Orange Peel Caviar
Orange Peel Caviar is my spoonable relish-like mixture of chopped candied orange rinds spiked with liqueur. A dollop or two of this preserve, adds solid orange flavor to any dish, batter, dough or ice cream base. I love it added to yogurt or steel cut oats or berry pies and cobblers.
- 6 - 7 Oranges Peeled
- 2 cups sugar
- 2 cups water
- 1 - 2 tablespoon orange liqueur or brandy (Grand Marnier, Triple Sec)
|Peel oranges, first cut "north pole" off, and then the "south pole" off
|Going lengthwise down the orange make five evenly spaced slits into the peel, to facilitate removal of peel from orange.

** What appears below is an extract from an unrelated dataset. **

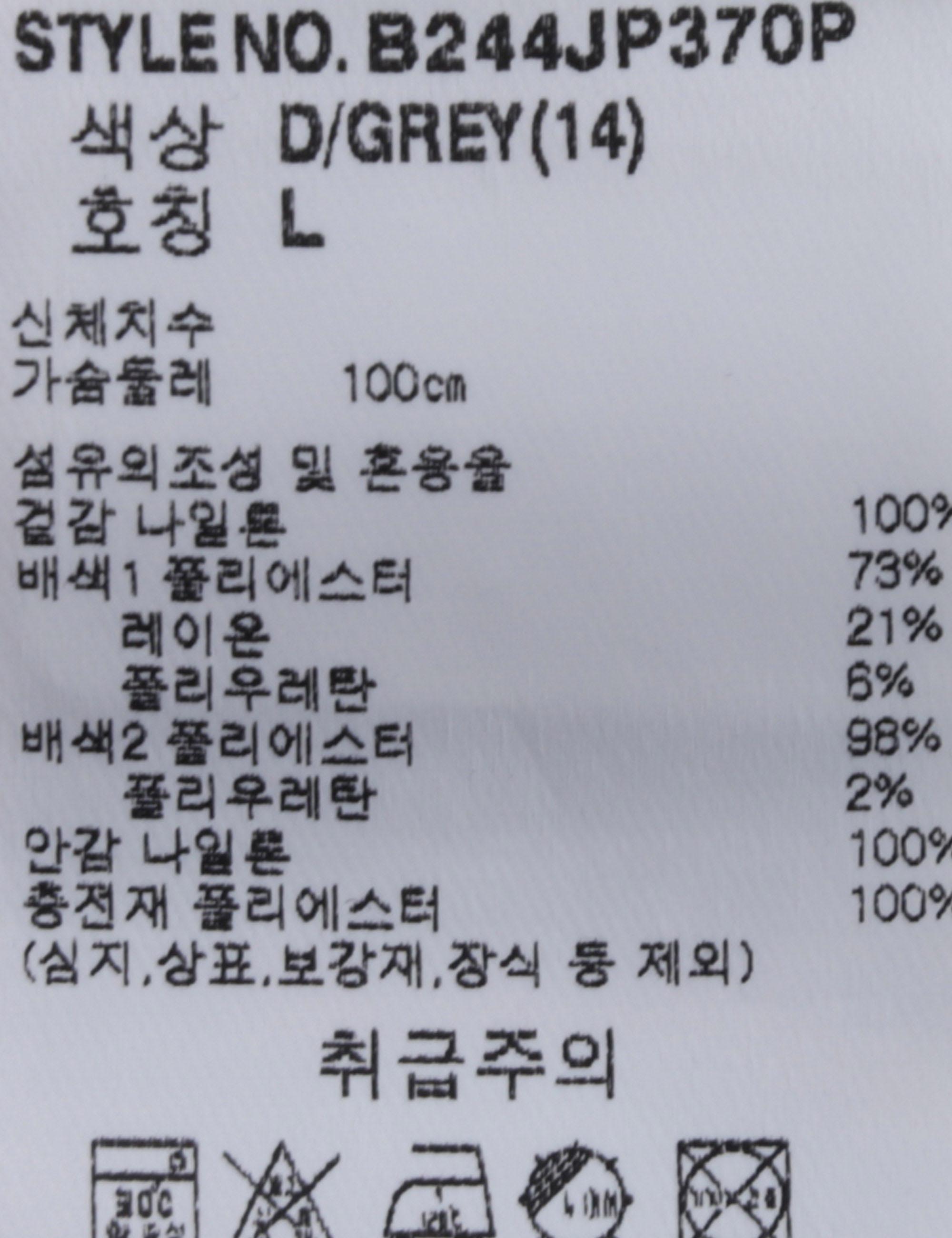 브랜드 홈 바로가기| 제품소재 | [겉감]나일론100% [배색1]폴리에스터73% 레이온21% 폴리우레탄6% [배색2]폴리에스터98% 폴리우레탄2% [안감]나일론100% [충전재]폴리에스터100% |

|Slice peel section into thick julienne widths, like the size of shoestring potatoes, or a little larger.
|Put peels in nonreactive pan, add sugar and water and stir to dissolve.
|Simmer slowly for about ten minutes and remove from heat.

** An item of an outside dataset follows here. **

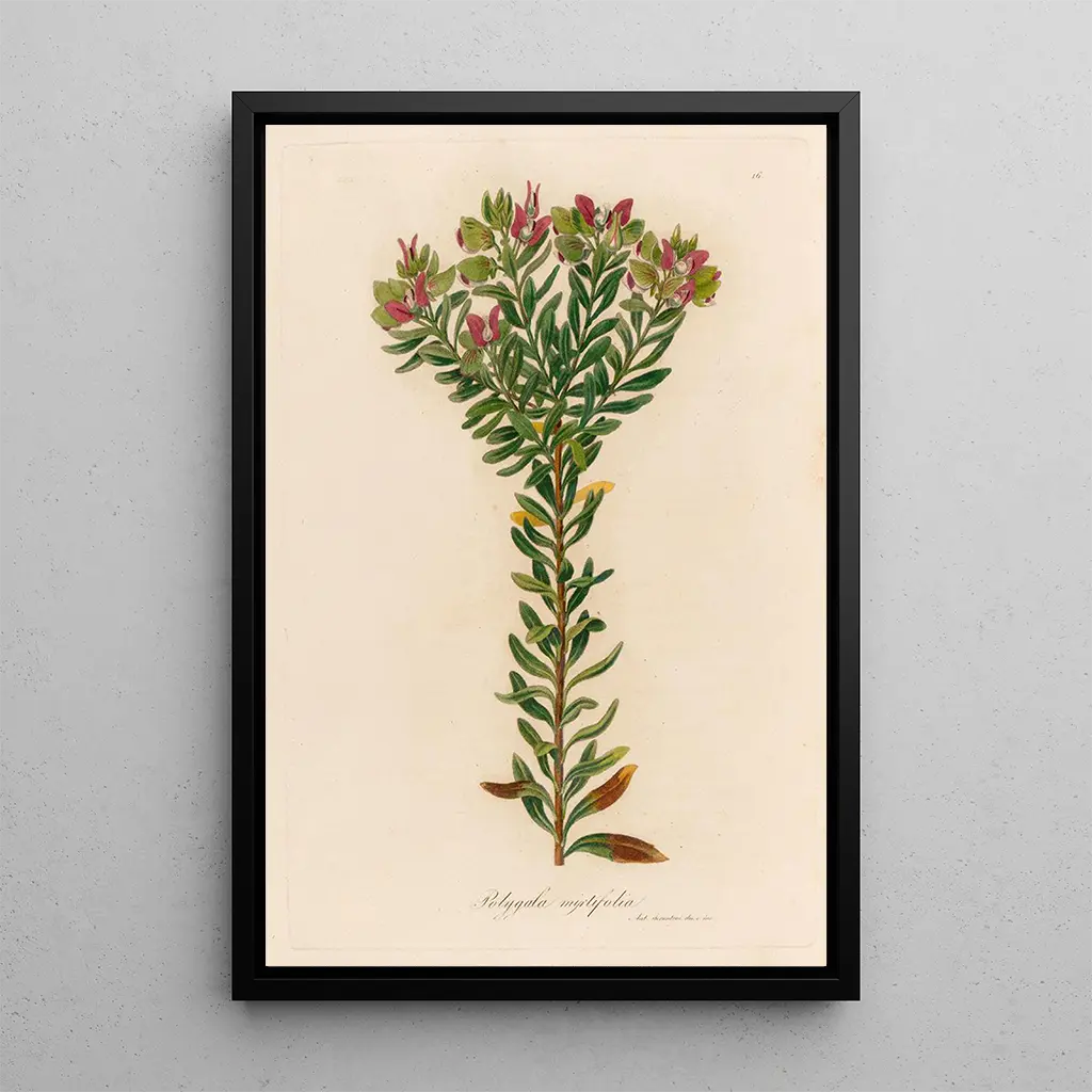Kiezen voor de kunstdruk van Polygala myrtifolia betekent kiezen voor een decoratief stuk dat een frisse en vitale uitstraling aan uw interieur geeft. Of het nu in een woonkamer, kantoor of slaapkamer is, dit doek past harmonieus in diverse stijlen van inrichting. De hoge kwaliteit van de afdruk en de trouw aan de oorspronkelijke kleuren garanderen een onmiskenbare esthetische aantrekkingskracht. Door deze doek aan uw collectie toe te voegen, geeft u uw ruimte een uitnodiging tot contemplatie en ontsnapping, terwijl u de schoonheid van de natuur viert.

|Let pan cool and reheat the pan at a later time and simmer gently, and shut off heat. Do this a couple more times in the days to come adding more orange peel is fine. The orange peel will candy that is look bright and shiny and firmer, and the runny liquid will become more of a syrup.

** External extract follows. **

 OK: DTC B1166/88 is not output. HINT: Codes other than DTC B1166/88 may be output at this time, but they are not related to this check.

|Place orange peel in food processor. Add a tablespoon or two of Grand Marnier or Triple Sec or Patron Orange Liqueur and pulse until minced and chunky, and spreadable.
|Place orange peel mixture in jars, leaving 1/2 inch air space and add lid, tighten and place in simmering water bath for 10-15 minutes and then remove to cool. If you prefer not to can the mixture, you can freeze it and scoop the orange peel caviar as needed from a ziploc bag or sealed container.